BEGIN Data extract
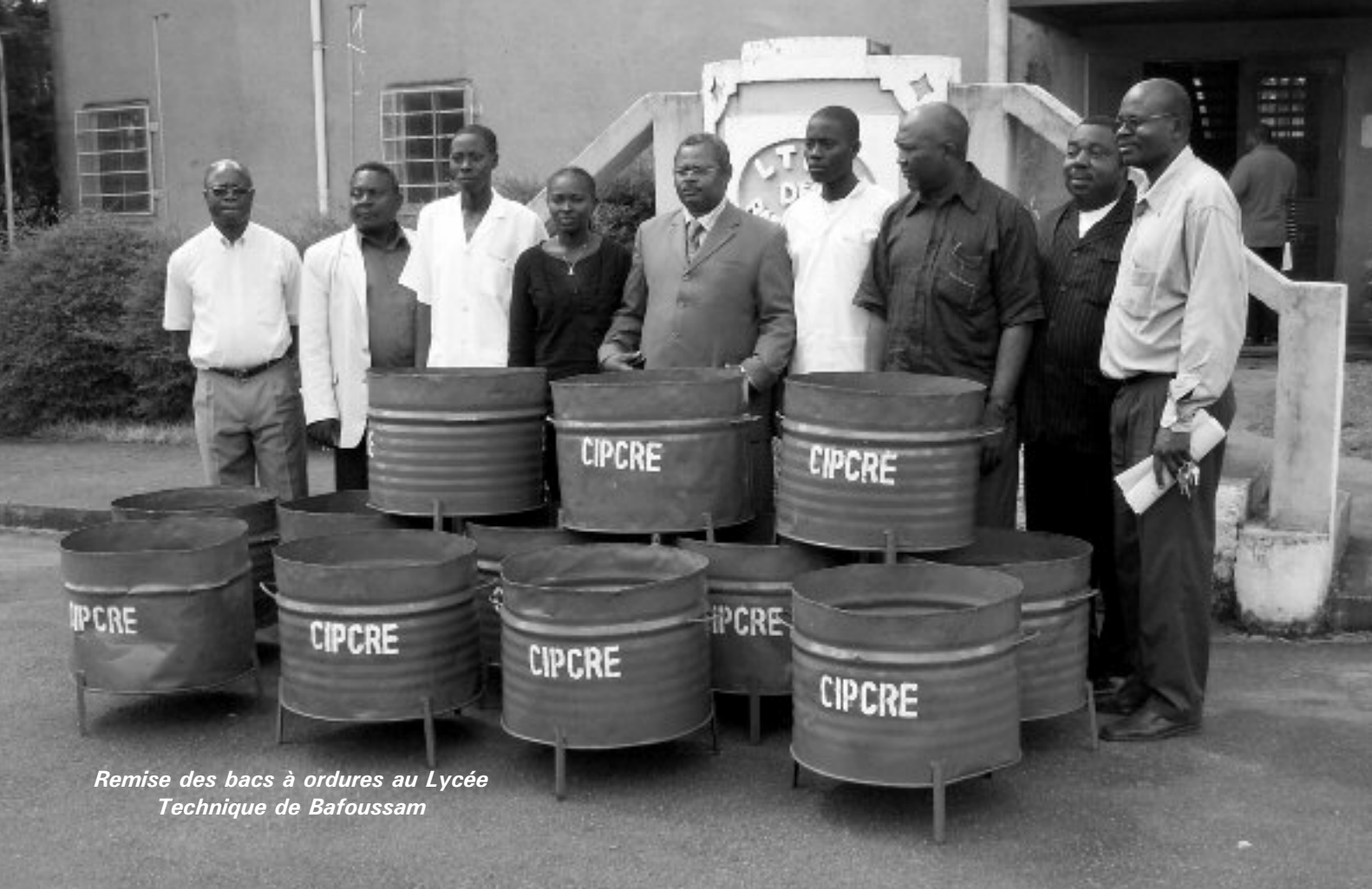
Remise des bacs à ordures au Lycée Technique de Bafoussam

bles et des élèves de ces établissements. De manière globale, les résultats relevés ont montré que des 69 803 arbres apportés en appui, 35 589 ont réussi, soit un taux de réussite totale de l'ordre 51 %. A l'issue de ce suivi-évaluation, les 10 meilleurs établissements ont été sélectionnés et continueront à recevoir l'appui du CIPCRE pour l'extension et l'entretien des espaces verts dans leur campus.
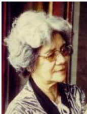
116 1985 De Kan-Tan

Kinderen van Tjiang Nio en Hay Gwan: zie 1.5.2.2.
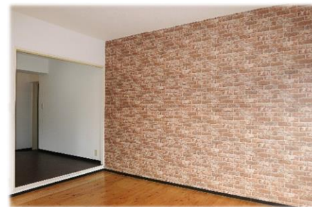
▲壁の片面はレンガ調のクロス
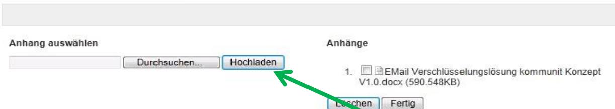
Bild: Anhänge in Antwort anfügen

Nachdem der Anhang über „Durchsuchen“ ausgewählt wurde, unbedingt den Button „Hochladen“ anwählen . Erst wenn auf der rechten Seite unter Anhänge das Dokument auftaucht, wird es in Ihrer Antwort mit gesendet.
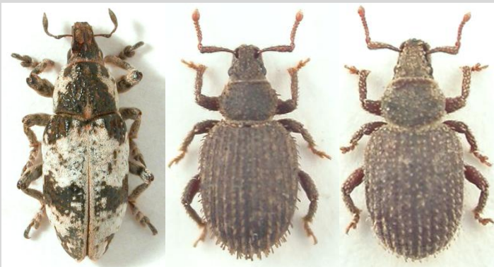
Bothynoderes affinis (10)
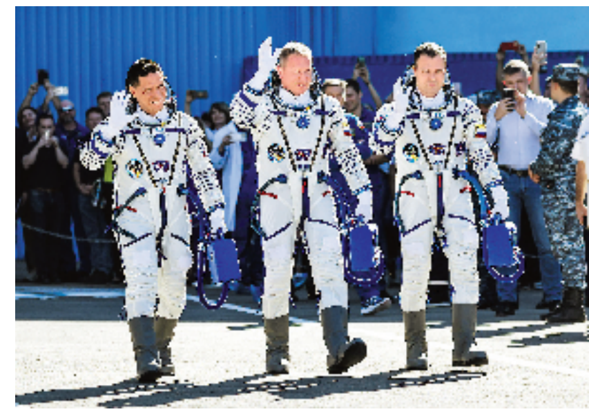
9月21日,在哈萨克斯坦境内的拜科努尔发射场,来自俄罗斯的宇航员谢尔盖·普罗科皮耶夫(中)、德米特里·佩捷林(右)和来自美国的宇航员弗朗西斯科·鲁比奥亮相。

新华社莫斯科9月21日电 俄罗斯国家航天公司21日说,俄“联盟MS-22”飞船当天与国际空间站完成对接,2名俄罗斯宇航员和1名美国宇航员顺利进入国际空间站。
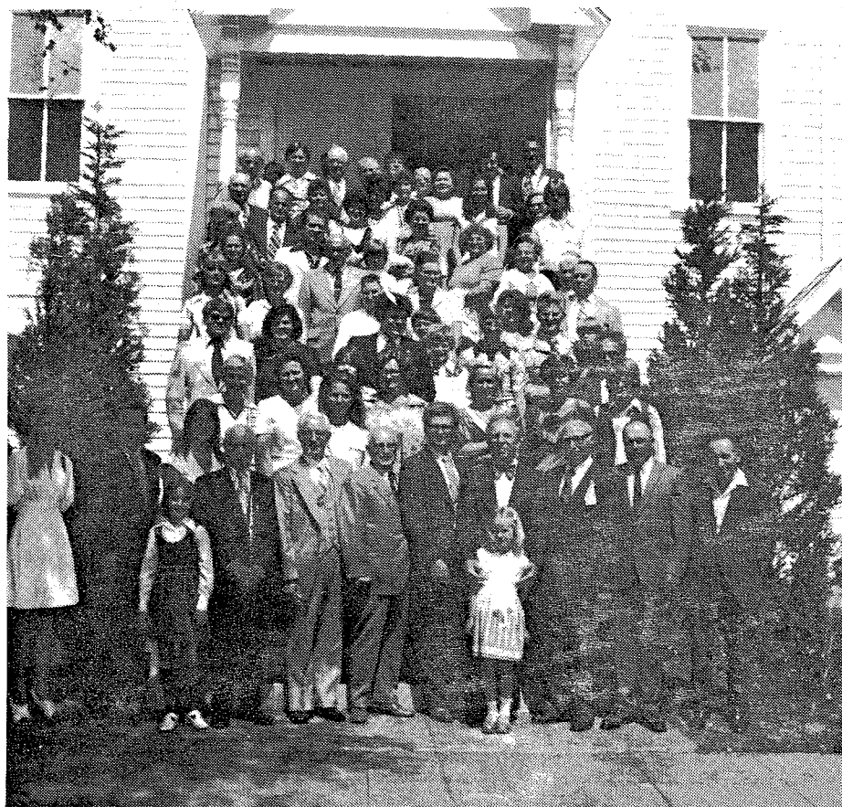
Учасники 15-го З'їзду Західного Українського Єв. Бапт. Об'єднання.
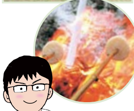
観光振興課 やまぐち
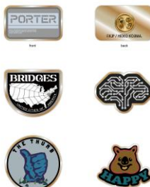
DEATH STRANDING 2 トレーディングピンバッジ vol.2 (全5種・ランダム) 770円
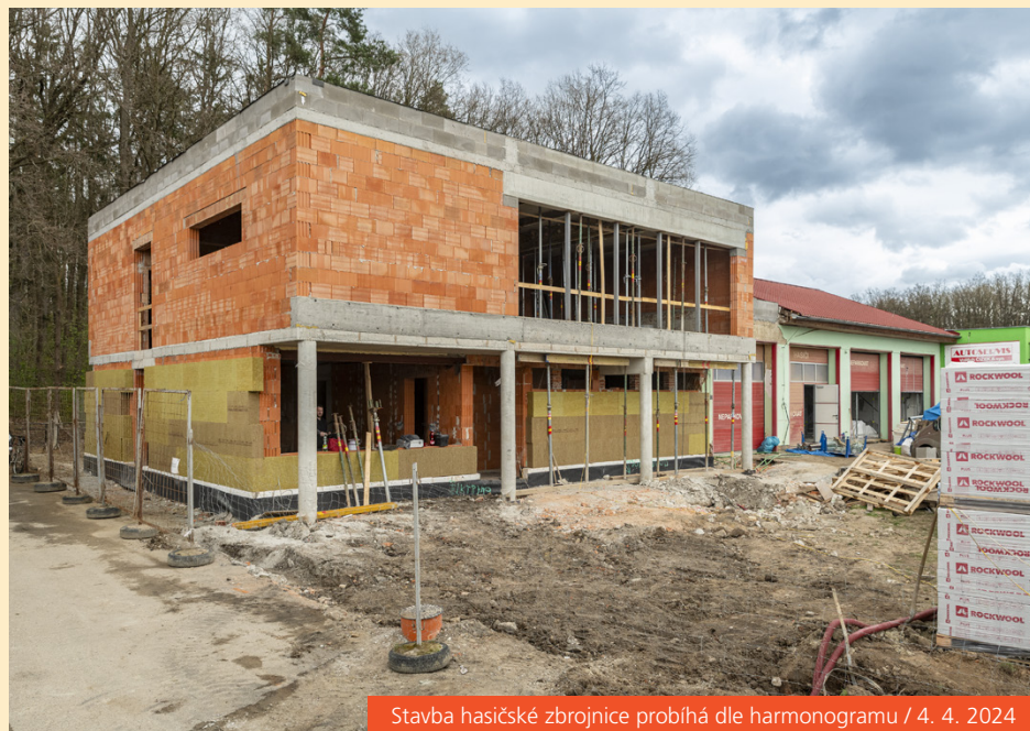
Stavba hasičské zbrojnice probíhá dle harmonogramu / 4. 4. 2024
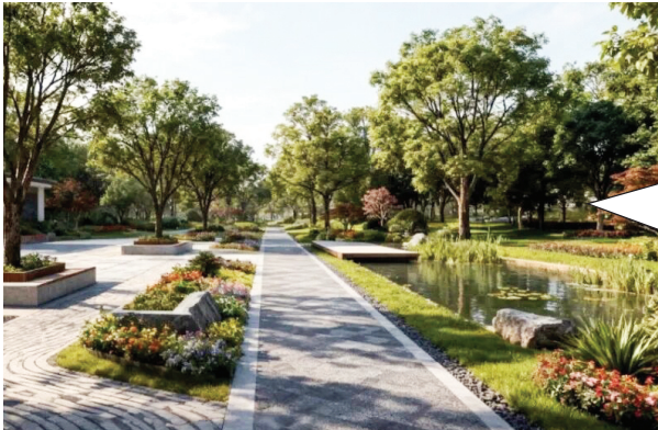
桥北实验小学口袋公园效果图
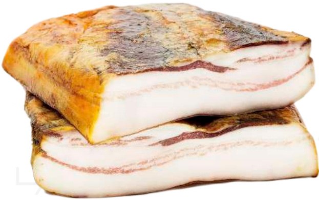
ref.2282 VENTRESCA FUMADA IBÈRICA DE GLÀ CASALBA (2,5kg. x 4u.)
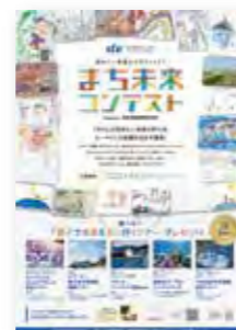
まち未来コンテスト
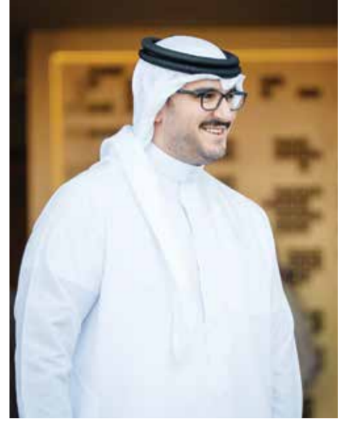
○ سمو الشيخ عيسى بن سلمان بن حمد آل خليفة
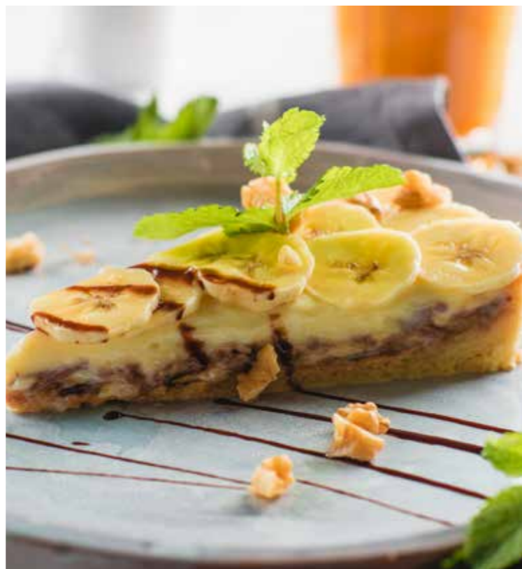
ШОКОЛАДНО-БАНАНОВЫЙ ТОРТ 🍷 150 410₽
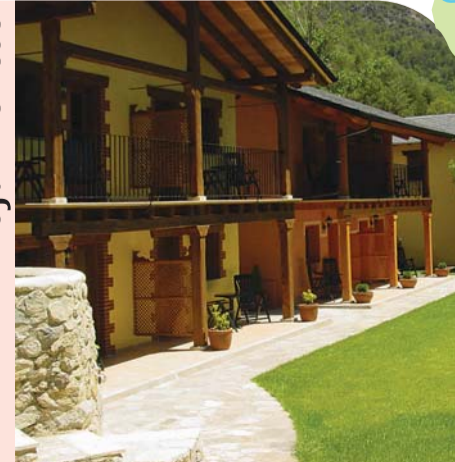
Alojamiento en la Seu d'Urgell
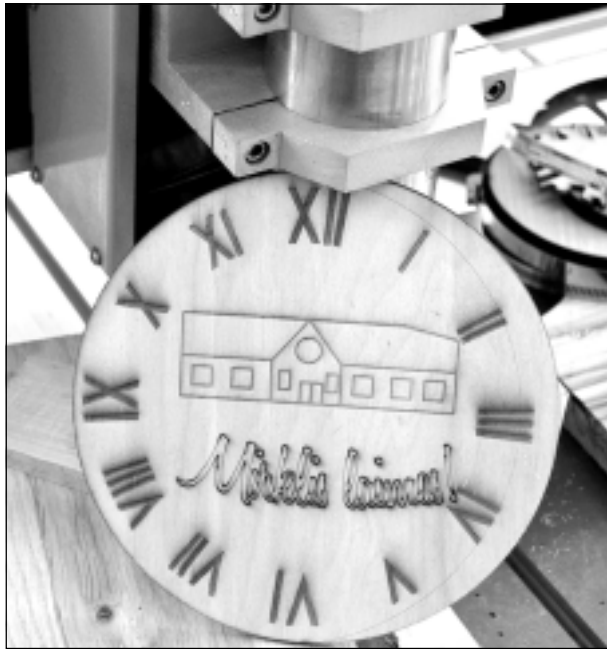
Koka pulkstenis. Uzņēmuma produkcija - koka pulkstenis ar uzrakstu "Mirkli laimes".
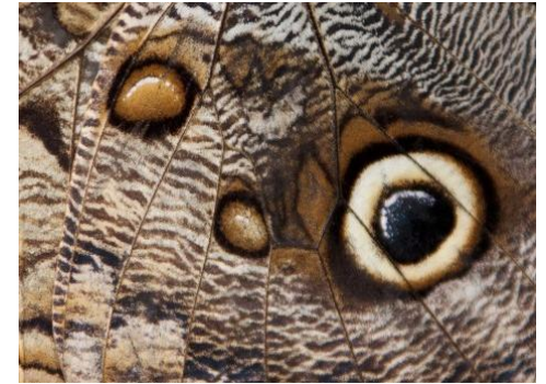
8 aile de papillon
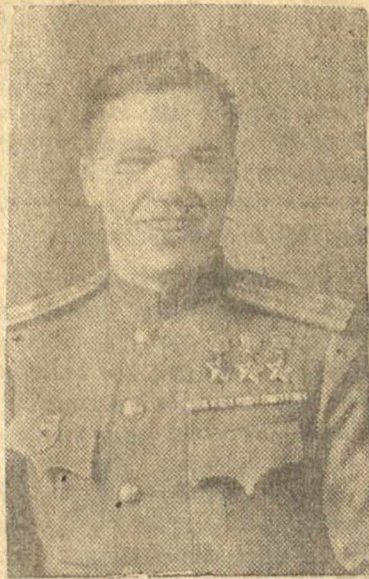
Трижды Герой Советского Союза гвардия майор Иван Никитич Кожедуб.

Священный долг каждого колхоза — с честью выполнить свои обязательства перед государством. К 20 октября по каждому колхозу выполним хлебопоставки!
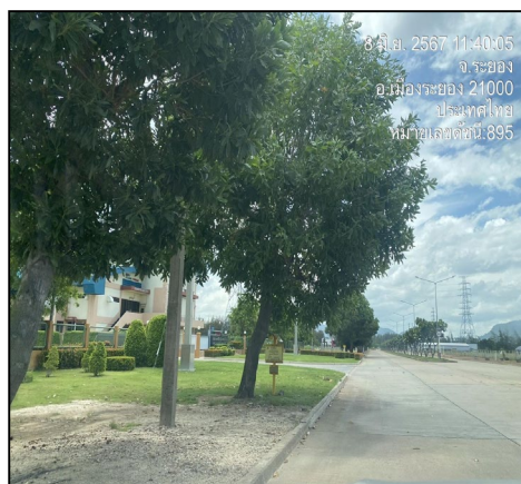
ป้ายแสดงตำแหน่งแนวท่อส่งก๊าซธรรมชาติ
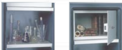
Equipements intérieurs (en partant de la gauche) : tablette, armoire à clé
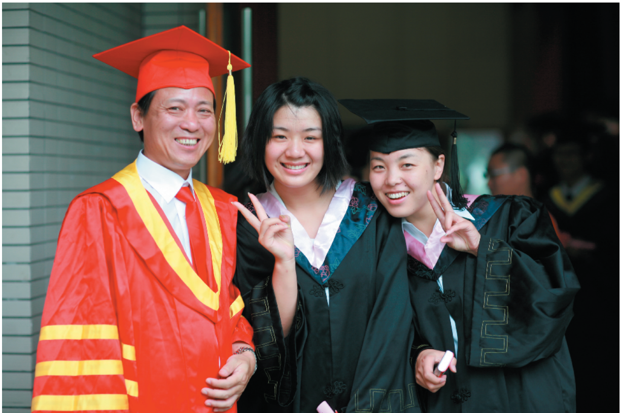
与校长分享我们的成功
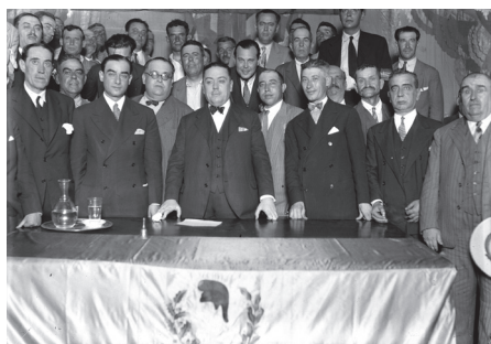
La Bandera en un mitin de Martínez Barrio en el Teatro del Duque de Sevilla el 26 de junio de 1936.

elección de la "Señorita República Radical", abril de 1933
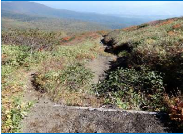
(No.45) 土止め階段 (4段、W=3~1.2m)
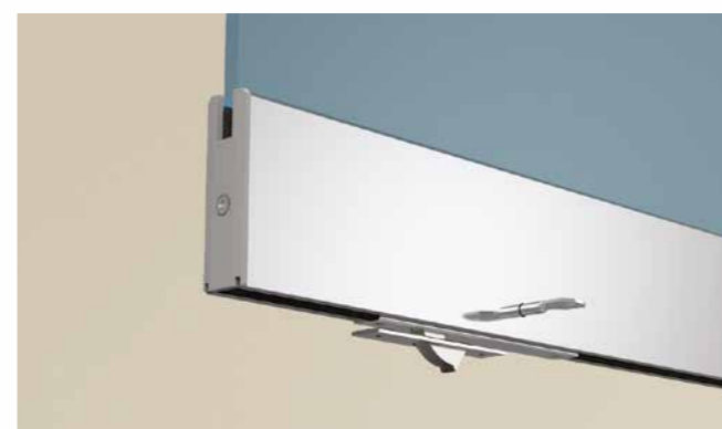
Cerradura en hoja para la apertura
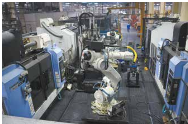
Цеху везёт на новинки: в 90-х здесь появились передовые для того времени станки с ЧПУ, в 2016-м — роботы

подключаются технологии: прописывают техзадание, составляют график подготовки производства, готовят чертежи.
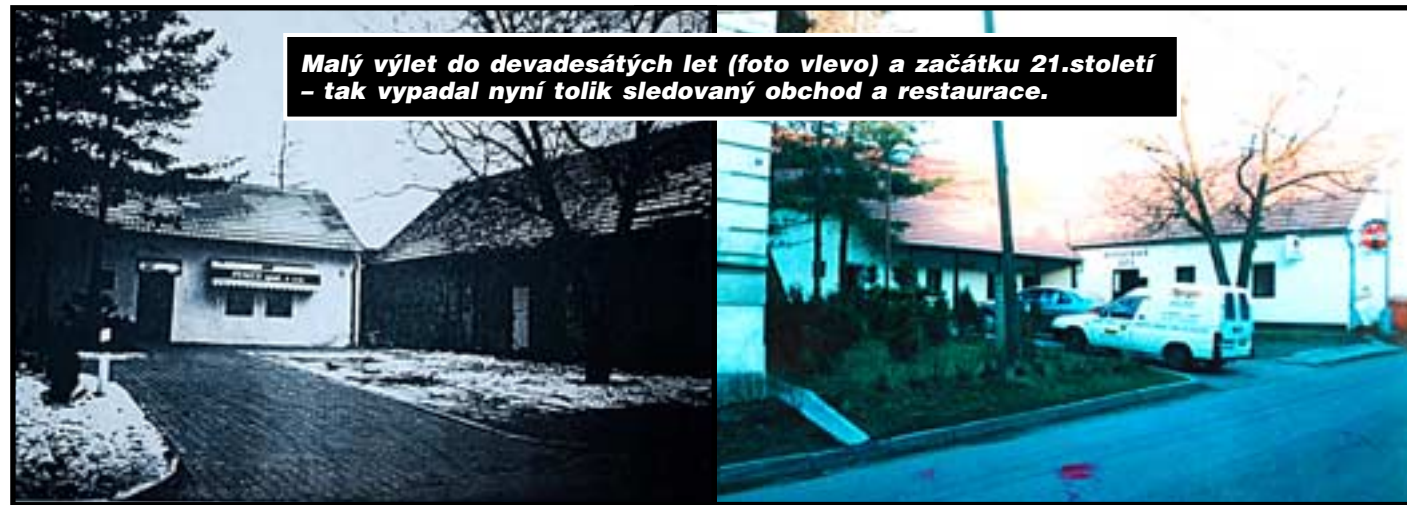
Malý výlet do devadesátých let (foto vlevo) a začátku 21.století – tak vypadal nyní tolik sledovaný obchod a restaurace.
END Data extract
Task goal
The task calls for all lines in the entries that hold "Anhänge".

Problem solution
Bild: Anhänge in Antwort anfügen
Nachdem der Anhang über „Durchsuchen“ ausgewählt wurde, unbedingt den Button „Hochladen“ anwählen . Erst wenn auf der rechten Seite unter Anhänge das Dokument auftaucht, wird es in Ihrer Antwort mit gesendet.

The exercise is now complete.